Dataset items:
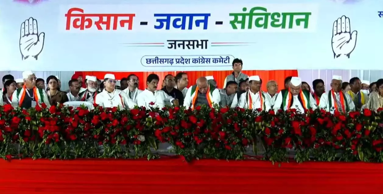 रायपुर। कांग्रेस नेता मल्लिकार्जुन खड़गे ने रायपुर में किसान, जवान, संविधान सभा को संबोधित किया। कार्यक्रम के मंच में छत्तीसगढ़ सह-प्रभारी जरिता लैतफलांग, पूर्व पीसीसी चीफ मोहन मरकाम, प्रेम साय सिंह टेकाम सहित कई वरिष्ठ नेता मौजूद हैं। इससे पहले एयरपोर्ट पहुंचने पर कांग्रेसियों ने उनका भव्य स्वागत किया।
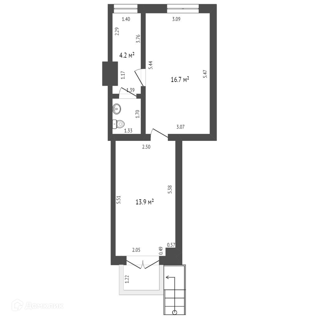 Общая площадь 37.6 м2
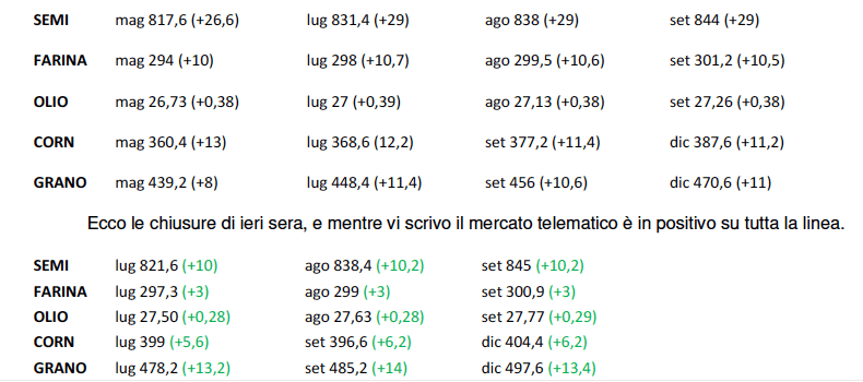 Mario Boggini – esperto di mercati cerealicoli nazionali e internazionali – (per contatti +39 338 6067872) – Valori indicativi senza impegno, soggetti a variazioni improvvise. Questa informativa non costituisce servizio di consulenza finanziaria ed espone soltanto indicazioni-informazioni per aiutare le scelte del lettore, pertanto qualsiasi conseguenza sull’operatività basata su queste informative ricadono sul lettore.
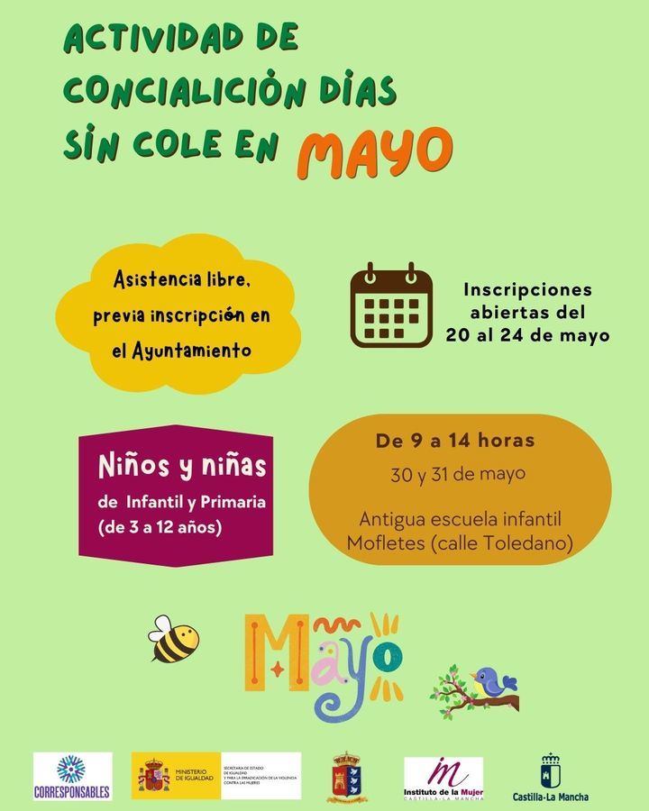 La actividad, de carácter gratuito, se desarrollará en los citados días en la antigua escuela infantil Mofletes (ubicada en la calle Toledano), con horario de 9 a 14 horas. El número de plazas es limitado. Las inscripciones pueden formalizarse en el Ayuntamiento, siendo el plazo del 20 al 24 de mayo.
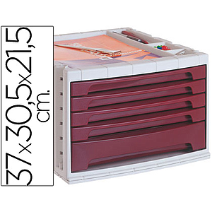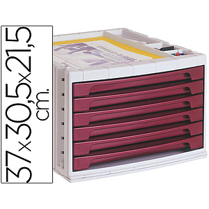 Q-CONNECT - FICHERO CAJONES DE SOBREMESA 37X30,5X21,5 CM BANDEJA ORGANIZADORA SUPERIOR 5 CAJONES BURDEOS OPACO (Ref.KF18426)
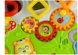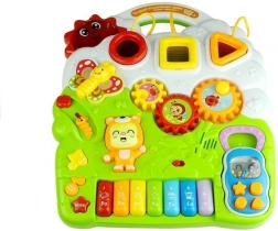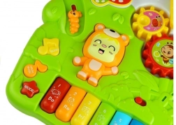 Farebné klávesy 1–7, ozubené kolieska a svietiace tvary rozvíjajú jemnú motoriku, rytmus a vnímanie farieb a tvarov. Slniečko bliká do rytmu hudby.
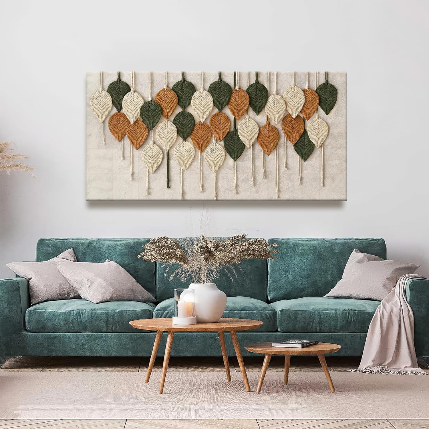 Boho Wall Modern Wall Art Print Paintings Leaves Feather Multicolor Canvas Wall Art Decor For Living Room Bedroom Apartment Kitchen Home Wall Decor 24"W X 48"L Ready To Hanging
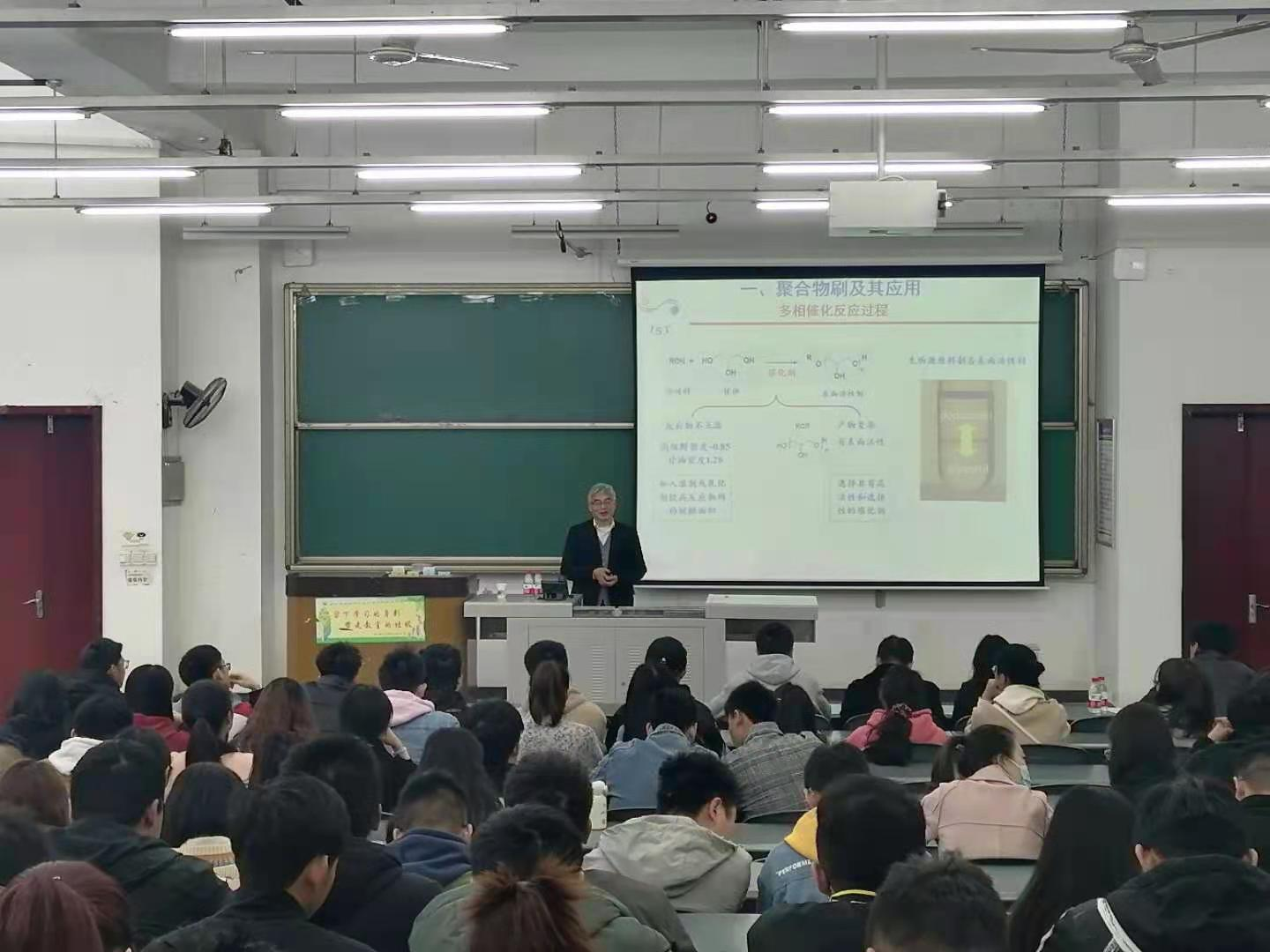 3月24日上午,华东理工大学化学系刘洪来教授应邀来访我院,并在明德楼A312带来一场题为“固体表面改性-聚合物刷的溶剂响应特性”的学术报告。化工院部分师生参加此次报告会。 会议中,刘洪来教授主要对聚合物刷结构的密度泛函理论,聚合物系统的自由能模型以及固体表面铆接高分子刷的构型随周围溶剂性质变化的规律和应用实例进行介绍。铆接高分子是固体表面改性的常用方法之一,如何构建对温度、PH、溶剂等环境变化敏感的智能固体表面是研究人员关注的重要课题之一。特别是混合高分子刷的分相行为及其表面性质的影响,成功揭示了一些反常现象背后的热力学机理。 会议结束后,刘洪来教授热情地与同学们探讨关于固体表面改性中聚合物刷的溶剂响应特性问题,并鼓励同学们认真学习,相信同学们只要一直保持一颗好奇心,并勇于探索,积极投身科研事业,定会一步步攻克工业核心技术难题。 专家介绍: 刘洪来,华东理工大学化学系教授、博导。1982年本科毕业于浙江大学化工系,1992年博士毕业于华东化工学院化学工程专业。长期致力于界面科学和热力学研究,包括流体相平衡的分子热力学和界面现象的密度泛函理论,著有《密度泛函理论》等著作。研究成果获教育部科技进步一等奖和上海市自然科学一等奖。2019年获宝钢优秀教师奖。主持对个国家重大、重点科研项目。发表SCI收录论文500余篇。
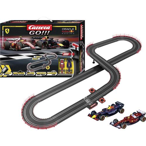 Beleef de spanning van de Formule 1 met de Carrera GO!!! Champions Racing set! Dit indrukwekkende racetrack van maar liefst 4,3 meter biedt jou de kans om de legendarische strijd tussen Max Verstappen en Lewis Hamilton na te spelen. Voel de adrenaline stromen terwijl je met de Oracle Red Bull Racing RB21 van Verstappen en de Ferrari SF-25 van Hamilton over het circuit raast. Deze set is ideaal voor zowel kinderen als volwassenen en zorgt voor urenlang speelplezier.
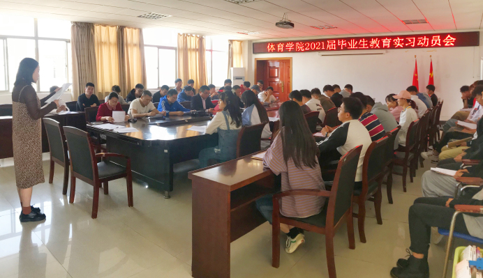 10月10日,体育学院在体育馆三楼会议室召开2021届毕业生教育实习动员大会。会议由体育学院院长章翔主持。党委副书记高栋梁、全体教育实习指导教师、教学办负责人、全体实习生参加了会议。
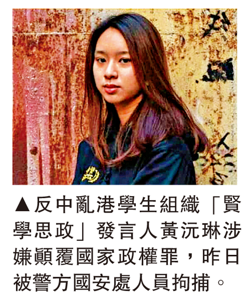 【大公報記者黃浩輝報道】警方國安處昨日(22日)拘捕反中亂港學生組織「賢學思政」發言人黃沅琳,涉嫌「串謀煽動他人實施顛覆國家政權」罪,連同在周一(20日)被捕的王逸戰、陳枳森和朱慧盈,該組織先後已有四人被捕。
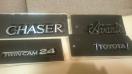 まずお先に当方喫煙者です。神経質な方、完璧をお求めの方はご遠慮下さいませ。当方出品では自己紹介欄、未記入の方は確実に削除致します。(場合によりブラリ登録も致します。) 評価に「悪い」が多数ございます方、評価をしない方も同様です。今では入手困難かつ貴重な当時モノ トヨタ 71チェイサー 純正プレート 4種類セット! 1993年度、当時に当方、71チェイサー前期購入後、即、車外品ゴールドメッキプレートに変換のため純正プレートは取り外し。中古車のため「TOYOTA」プレートのみ当初より黒枠部分に擦り傷、塗装落ちございます。「チェイサー」「アバンテ」「ツインカム24」プレートは状態も良いです。※ ツインカム24プレートのみ両面テープ止め品。他の3種プレートははめ込み式、ビス止め。※ 画像の外側ケースや台紙部分は車外品ゴールドメッキプレート収納ケースです。現在はゴールドメッキプレートなし。純正プレート4種類セット出品です。TOYOTAプレートかツインカム24プレートは車外品チェイサー用品切れのためマークU品購入でしたが当時、マークU、チェイサー、クレスタと兄弟車のため同じプレートです。※レターパックライト発送で送料込み価格です。締切日時

Brief:
Copy the final stretch of the entries exactly: the line containing "10月10日,体育学院在体育" and every line after it through the last. Include no pictures and nothing more.

Written answer:
 10月10日,体育学院在体育馆三楼会议室召开2021届毕业生教育实习动员大会。会议由体育学院院长章翔主持。党委副书记高栋梁、全体教育实习指导教师、教学办负责人、全体实习生参加了会议。
 【大公報記者黃浩輝報道】警方國安處昨日(22日)拘捕反中亂港學生組織「賢學思政」發言人黃沅琳,涉嫌「串謀煽動他人實施顛覆國家政權」罪,連同在周一(20日)被捕的王逸戰、陳枳森和朱慧盈,該組織先後已有四人被捕。
 まずお先に当方喫煙者です。神経質な方、完璧をお求めの方はご遠慮下さいませ。当方出品では自己紹介欄、未記入の方は確実に削除致します。(場合によりブラリ登録も致します。) 評価に「悪い」が多数ございます方、評価をしない方も同様です。今では入手困難かつ貴重な当時モノ トヨタ 71チェイサー 純正プレート 4種類セット! 1993年度、当時に当方、71チェイサー前期購入後、即、車外品ゴールドメッキプレートに変換のため純正プレートは取り外し。中古車のため「TOYOTA」プレートのみ当初より黒枠部分に擦り傷、塗装落ちございます。「チェイサー」「アバンテ」「ツインカム24」プレートは状態も良いです。※ ツインカム24プレートのみ両面テープ止め品。他の3種プレートははめ込み式、ビス止め。※ 画像の外側ケースや台紙部分は車外品ゴールドメッキプレート収納ケースです。現在はゴールドメッキプレートなし。純正プレート4種類セット出品です。TOYOTAプレートかツインカム24プレートは車外品チェイサー用品切れのためマークU品購入でしたが当時、マークU、チェイサー、クレスタと兄弟車のため同じプレートです。※レターパックライト発送で送料込み価格です。締切日時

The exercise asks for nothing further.